-- Opening Marker --

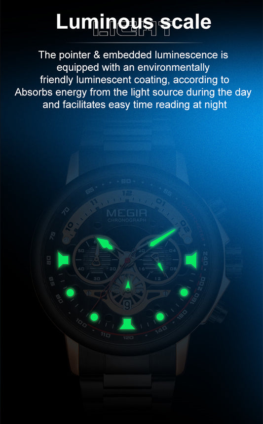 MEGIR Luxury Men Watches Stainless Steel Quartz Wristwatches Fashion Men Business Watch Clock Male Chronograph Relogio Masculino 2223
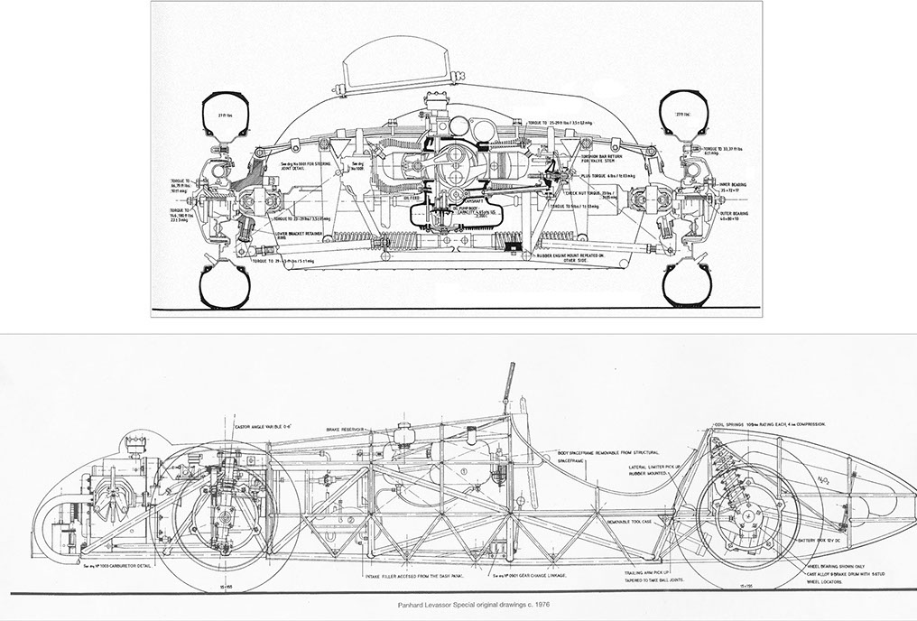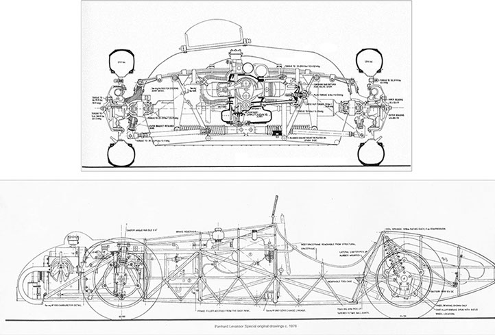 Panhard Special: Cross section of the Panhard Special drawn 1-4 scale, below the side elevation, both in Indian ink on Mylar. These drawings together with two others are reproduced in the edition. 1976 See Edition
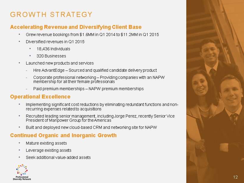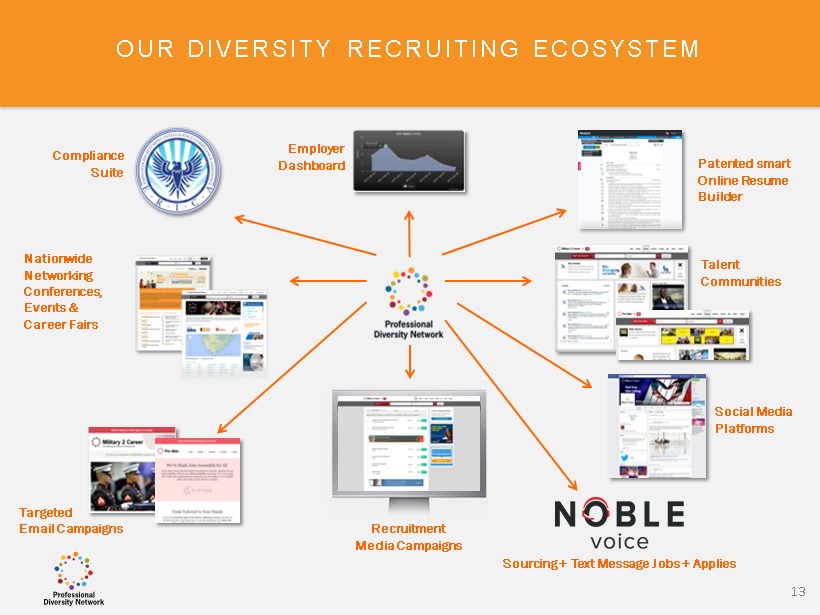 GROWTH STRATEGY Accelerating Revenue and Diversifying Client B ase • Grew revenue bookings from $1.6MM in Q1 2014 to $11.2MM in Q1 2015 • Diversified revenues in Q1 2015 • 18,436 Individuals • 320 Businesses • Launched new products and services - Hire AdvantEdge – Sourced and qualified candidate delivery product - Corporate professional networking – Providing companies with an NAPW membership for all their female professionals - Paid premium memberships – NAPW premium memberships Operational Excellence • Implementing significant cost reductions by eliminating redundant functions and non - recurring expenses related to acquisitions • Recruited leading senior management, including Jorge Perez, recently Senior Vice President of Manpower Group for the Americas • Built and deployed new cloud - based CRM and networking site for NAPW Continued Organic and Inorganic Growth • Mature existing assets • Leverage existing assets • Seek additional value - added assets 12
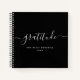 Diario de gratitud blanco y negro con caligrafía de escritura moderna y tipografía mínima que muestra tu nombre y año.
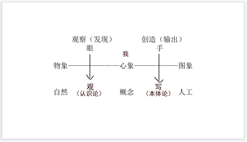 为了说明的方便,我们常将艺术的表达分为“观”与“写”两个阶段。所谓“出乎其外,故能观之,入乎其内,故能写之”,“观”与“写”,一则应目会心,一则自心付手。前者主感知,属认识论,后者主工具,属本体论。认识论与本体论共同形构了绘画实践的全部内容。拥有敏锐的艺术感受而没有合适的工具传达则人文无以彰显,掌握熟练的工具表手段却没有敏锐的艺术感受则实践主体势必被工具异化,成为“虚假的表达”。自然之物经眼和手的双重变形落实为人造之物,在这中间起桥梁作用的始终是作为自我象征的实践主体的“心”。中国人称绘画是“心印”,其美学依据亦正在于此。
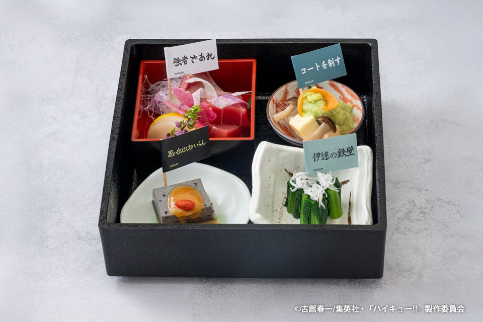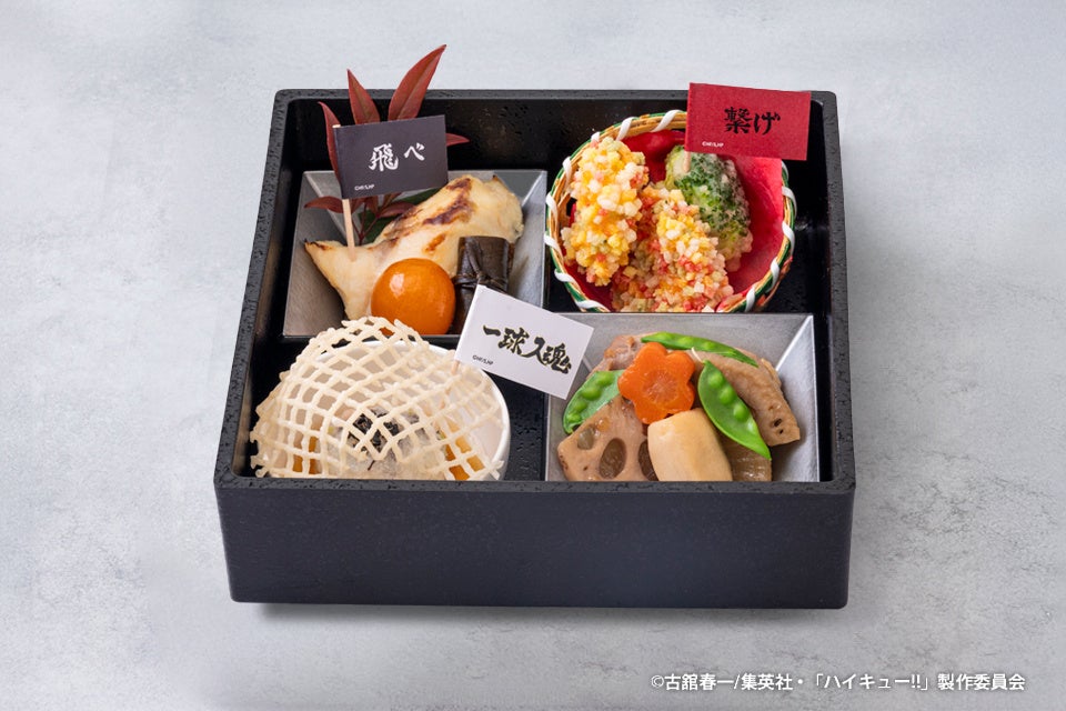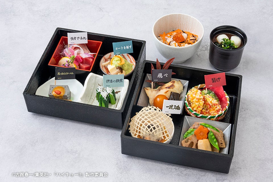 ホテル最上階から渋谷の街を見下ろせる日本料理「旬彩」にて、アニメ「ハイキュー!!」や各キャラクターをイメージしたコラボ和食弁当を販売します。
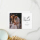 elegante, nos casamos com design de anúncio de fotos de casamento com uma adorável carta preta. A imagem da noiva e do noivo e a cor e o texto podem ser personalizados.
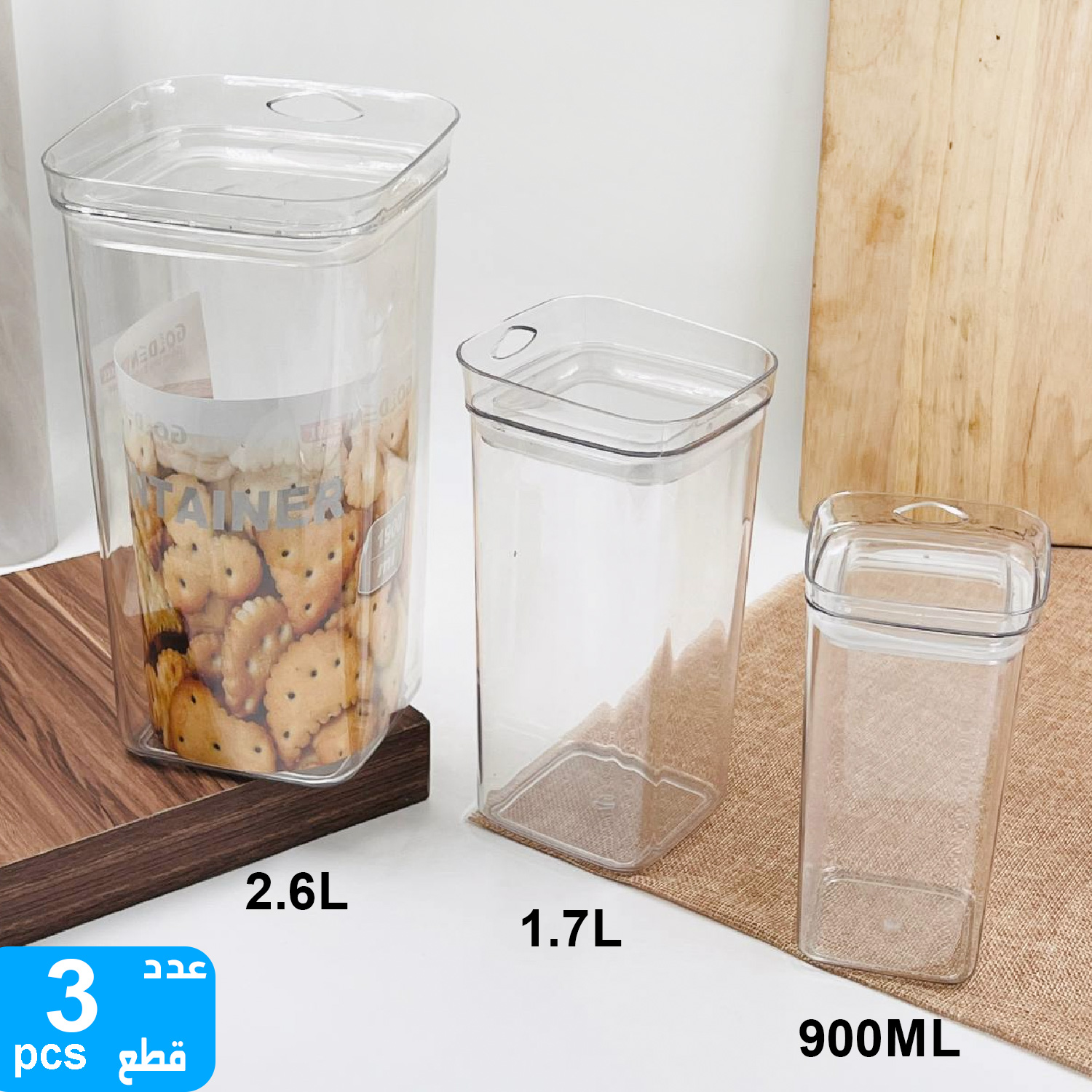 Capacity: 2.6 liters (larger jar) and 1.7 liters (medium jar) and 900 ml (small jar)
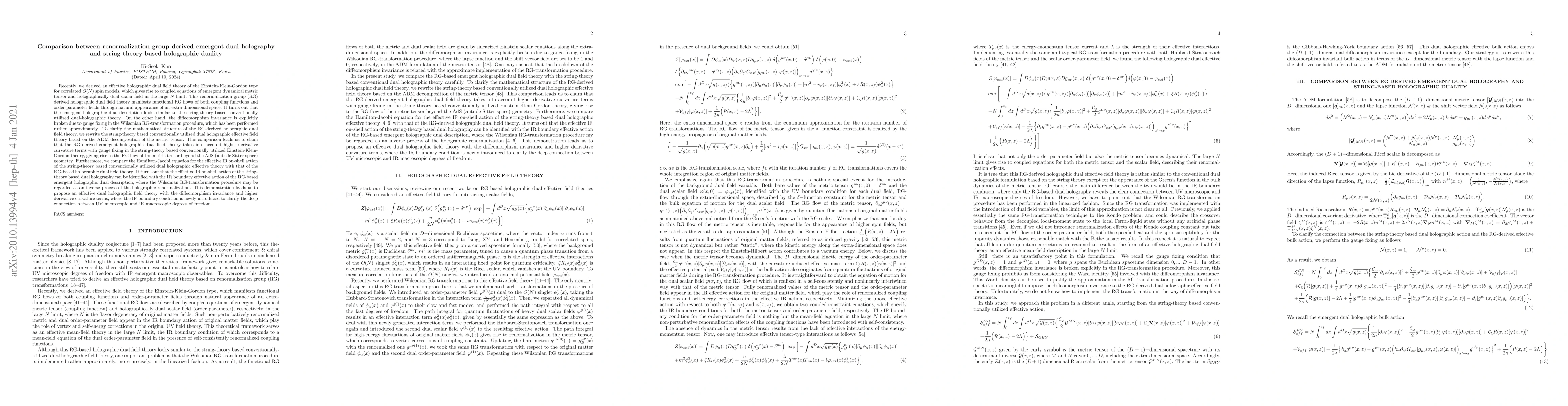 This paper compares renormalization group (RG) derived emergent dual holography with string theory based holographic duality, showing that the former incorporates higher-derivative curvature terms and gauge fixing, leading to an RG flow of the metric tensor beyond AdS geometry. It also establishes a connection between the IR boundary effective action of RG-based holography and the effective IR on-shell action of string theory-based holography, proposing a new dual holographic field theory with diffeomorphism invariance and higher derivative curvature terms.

-- Closing Marker --

TASK TO COMPLETE ▸
Your output must reproduce the material above in full, with no pictures.

WRITTEN ANSWER ▸
 MEGIR Luxury Men Watches Stainless Steel Quartz Wristwatches Fashion Men Business Watch Clock Male Chronograph Relogio Masculino 2223
 Panhard Special: Cross section of the Panhard Special drawn 1-4 scale, below the side elevation, both in Indian ink on Mylar. These drawings together with two others are reproduced in the edition. 1976 See Edition
 GROWTH STRATEGY Accelerating Revenue and Diversifying Client B ase • Grew revenue bookings from $1.6MM in Q1 2014 to $11.2MM in Q1 2015 • Diversified revenues in Q1 2015 • 18,436 Individuals • 320 Businesses • Launched new products and services - Hire AdvantEdge – Sourced and qualified candidate delivery product - Corporate professional networking – Providing companies with an NAPW membership for all their female professionals - Paid premium memberships – NAPW premium memberships Operational Excellence • Implementing significant cost reductions by eliminating redundant functions and non - recurring expenses related to acquisitions • Recruited leading senior management, including Jorge Perez, recently Senior Vice President of Manpower Group for the Americas • Built and deployed new cloud - based CRM and networking site for NAPW Continued Organic and Inorganic Growth • Mature existing assets • Leverage existing assets • Seek additional value - added assets 12
 Diario de gratitud blanco y negro con caligrafía de escritura moderna y tipografía mínima que muestra tu nombre y año.
 为了说明的方便,我们常将艺术的表达分为“观”与“写”两个阶段。所谓“出乎其外,故能观之,入乎其内,故能写之”,“观”与“写”,一则应目会心,一则自心付手。前者主感知,属认识论,后者主工具,属本体论。认识论与本体论共同形构了绘画实践的全部内容。拥有敏锐的艺术感受而没有合适的工具传达则人文无以彰显,掌握熟练的工具表手段却没有敏锐的艺术感受则实践主体势必被工具异化,成为“虚假的表达”。自然之物经眼和手的双重变形落实为人造之物,在这中间起桥梁作用的始终是作为自我象征的实践主体的“心”。中国人称绘画是“心印”,其美学依据亦正在于此。
 ホテル最上階から渋谷の街を見下ろせる日本料理「旬彩」にて、アニメ「ハイキュー!!」や各キャラクターをイメージしたコラボ和食弁当を販売します。
 elegante, nos casamos com design de anúncio de fotos de casamento com uma adorável carta preta. A imagem da noiva e do noivo e a cor e o texto podem ser personalizados.
 Capacity: 2.6 liters (larger jar) and 1.7 liters (medium jar) and 900 ml (small jar)
 This paper compares renormalization group (RG) derived emergent dual holography with string theory based holographic duality, showing that the former incorporates higher-derivative curvature terms and gauge fixing, leading to an RG flow of the metric tensor beyond AdS geometry. It also establishes a connection between the IR boundary effective action of RG-based holography and the effective IR on-shell action of string theory-based holography, proposing a new dual holographic field theory with diffeomorphism invariance and higher derivative curvature terms.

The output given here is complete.